Blog

Why Your AI Forgets the Plot After 20 Messages (and the Fix)

May 31, 2026 · Updated May 31, 2026

Your AI forgets the plot because every model reads from a fixed-size context window, and once your story outgrows it, the oldest text is simply dropped. The name you established in turn three falls off the back. The fix is to stop feeding it raw transcript and instead carry forward compressed summaries of each scene — so the past stays present without filling the window.

What's actually happening

There is no memory in the way you'd think of memory. The model does not remember your story. Every single turn, it re-reads everything you've written so far, from the top, and predicts what comes next. That re-reading happens inside a fixed budget called the context window — a hard ceiling on how much text the model can hold in front of it at once.

For the first dozen turns this is invisible. The whole story fits. Then it doesn't. Most tools handle the overflow the crudest way possible: they cut from the top. The oldest turns get trimmed off so the newest ones still fit. You don't see the cut happen. You just notice, around turn twenty, that the narrator has quietly forgotten your character's sister exists.

Why it feels like betrayal

Because the failure is silent and selective. The model writes the next paragraph just as fluently as it wrote the first. The prose doesn't degrade. The plot does. The husband who died in chapter one walks back into the kitchen. The rain you established stops mattering. A character's accent drifts. Nothing announces itself as broken, which is exactly why it's maddening — the writing stays confident while the story underneath quietly comes apart.

What a truncated model does

"Of course! Just to confirm — what was your character's name again, and could you remind me where we are in the story so I can pick up where we left off?"

What carry-forward gives you

Elena set the unopened letter on the counter where it had sat for three days. Her sister's handwriting.
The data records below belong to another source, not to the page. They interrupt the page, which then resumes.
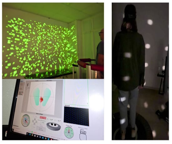 Figure 4. An experimental setup for optokinetic stimulation. Vestibular patients are asked to keep their balance on a posturography platform while submitting to an optokinetic stimulation made of white (right part) or colored (upper left part) dots moving in different planes at various velocities (20–100°/s), depending on the vestibular pathology. The center of foot pressure (lower left part) is shown as the red pathway of the stabilogram (between the two feet) together with the symbols used by the software to measure the recording time and the conditions used during the recording session, i.e., in both static (stable support) and dynamic (unstable support) conditions.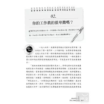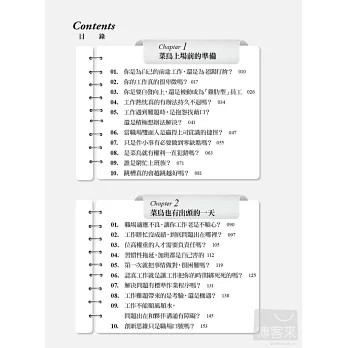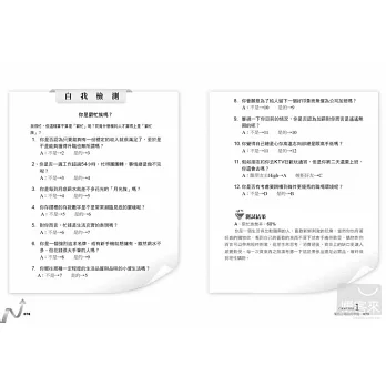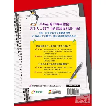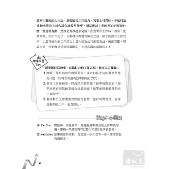 3.搭配「職場潛規則」點破職場開竅的Keypoint ;「自我檢測」讓你更了解你自己;「職場學習Tips」「To Do」「Not To Do 」的加分關鍵,提供讀者立即可應用的行動指南。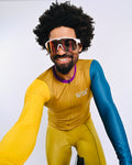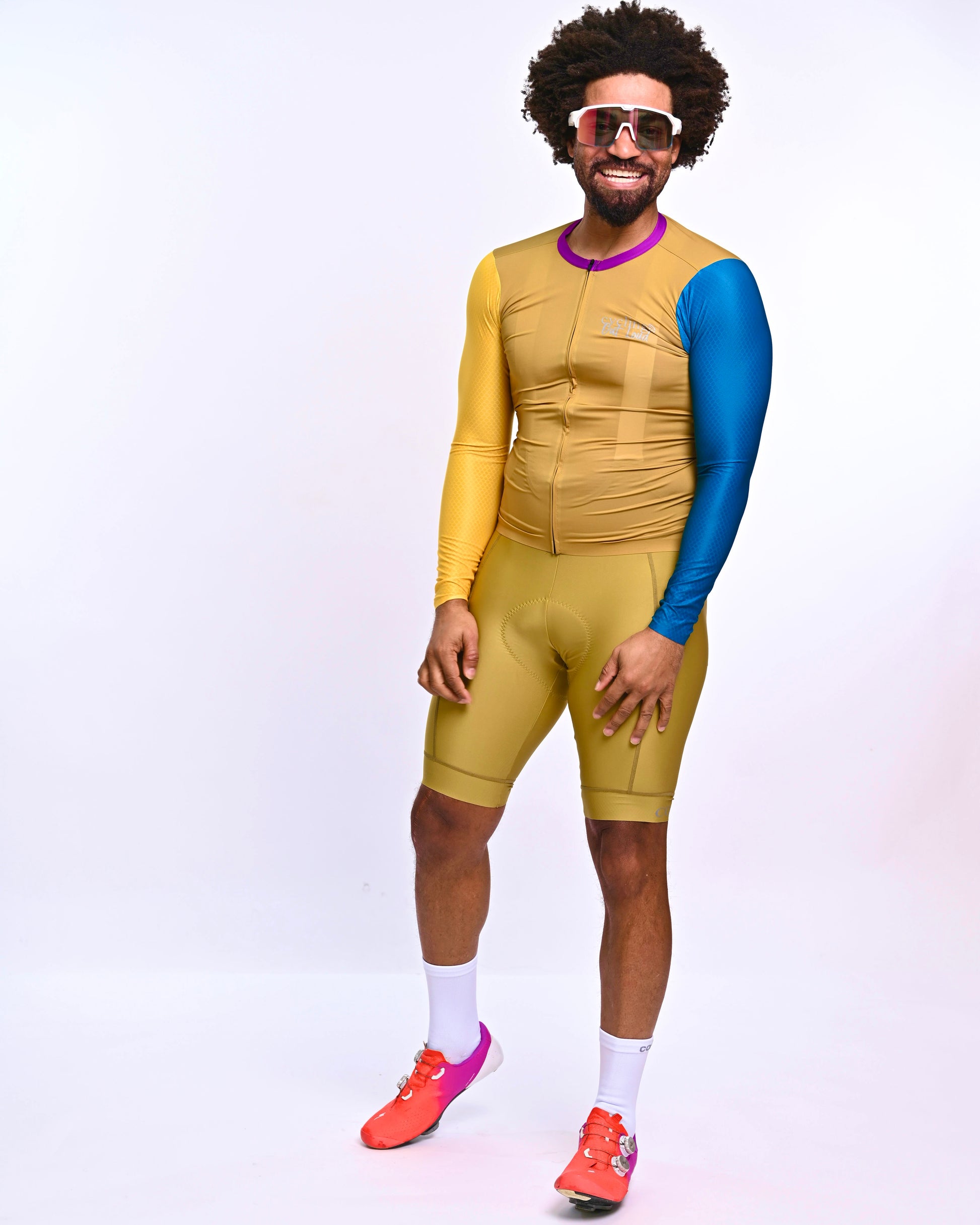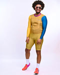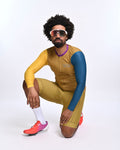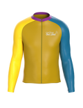 Engineered for the modern cyclist, this Men's Colorblock Long Sleeve Jersey delivers exceptional performance and a standout design. The lightweight, moisture-wicking fabric ensures optimal temperature regulation, while the ergonomic cut allows for a streamlined fit. The bold base color provides a strong foundation, while the yellow and turquoise honeycomb patterned sleeves add a unique, dynamic visual element. This jersey isn't just apparel; it's a fusion of technical excellence and bold, contemporary style.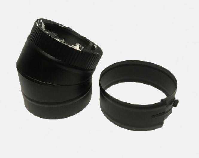 Kachelpijp Dubbelwandig Zwart Bocht 150 Ø | 30º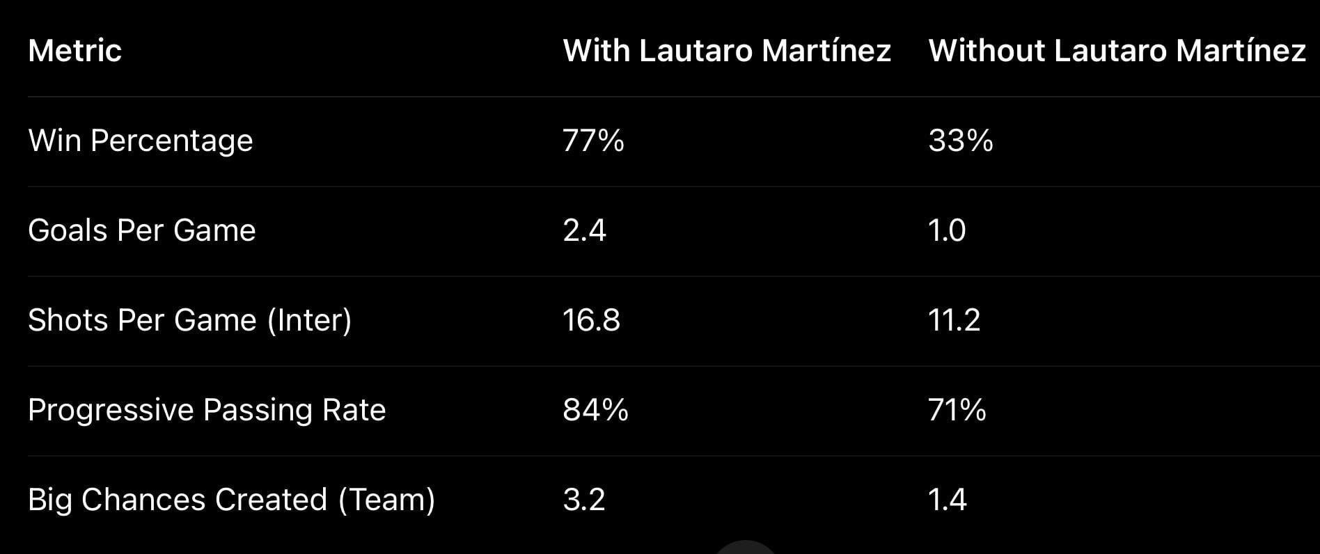 Ok, mandatory preface that I hope will limit the otherwise inevitable comments: yes, Lautaro is very important for Inter, especially on those tricky matches against smaller teams that park the bus. Yes, his injury is definitely affecting Inter.

She'd promised herself she would read it before the funeral, and the funeral was tomorrow.

The difference isn't model quality. The same model produced both. The difference is what it was handed. The first was handed a window with the beginning chopped off and had to ask. The second was handed a tight summary of everything that mattered — the sister, the letter, the deadline — and just kept writing.

The fix: treat the story as scenes, not a transcript

A novel doesn't carry every word of chapter one into chapter twelve. It carries consequences. The reader remembers that the marriage failed, not the exact phrasing of the argument. That's the model Underfiction uses.
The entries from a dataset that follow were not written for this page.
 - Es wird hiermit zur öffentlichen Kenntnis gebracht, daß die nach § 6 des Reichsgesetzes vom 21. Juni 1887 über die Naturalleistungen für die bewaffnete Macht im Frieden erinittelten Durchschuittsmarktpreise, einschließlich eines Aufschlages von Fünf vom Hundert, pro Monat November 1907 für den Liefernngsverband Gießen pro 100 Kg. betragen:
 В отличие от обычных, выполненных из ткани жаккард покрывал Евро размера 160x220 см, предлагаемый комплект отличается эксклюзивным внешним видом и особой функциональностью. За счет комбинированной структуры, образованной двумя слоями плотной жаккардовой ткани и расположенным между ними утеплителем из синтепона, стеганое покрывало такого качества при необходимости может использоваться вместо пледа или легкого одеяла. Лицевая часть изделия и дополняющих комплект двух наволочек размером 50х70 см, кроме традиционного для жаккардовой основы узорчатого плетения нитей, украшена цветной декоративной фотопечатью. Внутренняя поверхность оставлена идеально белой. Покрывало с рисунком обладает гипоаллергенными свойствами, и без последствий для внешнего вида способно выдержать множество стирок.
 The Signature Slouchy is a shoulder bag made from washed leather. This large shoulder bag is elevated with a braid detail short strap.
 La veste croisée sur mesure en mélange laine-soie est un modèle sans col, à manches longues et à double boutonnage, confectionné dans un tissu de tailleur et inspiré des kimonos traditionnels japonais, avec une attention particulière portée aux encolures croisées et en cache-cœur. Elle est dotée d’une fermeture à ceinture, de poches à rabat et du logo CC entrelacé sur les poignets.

Scenes are chapters. When a scene ends, it gets summarized — the facts, the relationships, the unresolved tension — and that summary carries forward into everything after it.
Long scenes compress in place. Older turns inside a running scene get condensed automatically so the window never fills with stale back-and-forth.
The window stays clear. Instead of raw transcript crowding out room to write, the model holds a dense map of the story so far plus the live scene in front of it.
You never see the seams. The narrator keeps the sister, the letter, the weather, the grudge — because they were written into the carried context, not left to fall off the back.

A novel carries consequences forward, not every word. So does a well-built story engine.

The part that surprises people

Done well, compression makes the writing better, not just longer. A model staring at forty turns of raw dialogue gets distracted by the noise. A model handed a clean summary plus the current scene knows what's load-bearing. It foreshadows. It calls back to the letter you forgot you'd planted. It writes like something that has read the whole book, because in effect it has — through the summary, not the transcript.

You're the director. The engine follows. Part of following is remembering — and remembering well means knowing what to keep and what to let go, the same instinct a good editor brings to a draft.

If you want the full mechanics — what goes into a summary, how the compression boundary is chosen, why it stays free — read the deep dive, "How Scene-Based Context Compression Works." This was the plain-terms version. That one shows you the gears.

Underfiction is interactive storytelling under your direction. Stories are local by default; sync is optional and encrypted. New accounts start with 500 free credits.

New accounts start with 500 free credits after email confirmation.

Try Underfiction

Frequently asked questions

Why does my AI forget the plot after 20 messages?

Because the model reads your whole story from a fixed-size context window every turn, and once the story outgrows that budget, most tools trim the oldest text to make room. The early facts — names, deaths, established details — fall off the back, so the model writes confidently but loses the plot.

Does a bigger context window fix AI memory loss?

It delays the problem, it doesn't solve it. A larger window holds more turns before truncation starts, but any long story will eventually outrun any fixed budget. The real fix is compressing past scenes into carry-forward summaries so the window never fills with raw transcript.

How does Underfiction keep track of long stories?

It treats scenes as chapters. When a scene ends, it's summarized and that summary carries forward. Inside long scenes, older turns are compressed automatically. The model always holds a dense map of the story plus the live scene, so it doesn't lose earlier facts.

Does compression cost extra credits?

No. Summaries and compression are free. You only pay for the prose you generate, never for the housekeeping that keeps your plot intact. There's no subscription and no ads.

Will summarizing my story make the writing worse?

Usually the opposite. A model handed clean summaries plus the current scene knows what's load-bearing, instead of getting distracted by dozens of turns of raw dialogue. It calls back to planted details and foreshadows better, because it's working from a map of the whole story.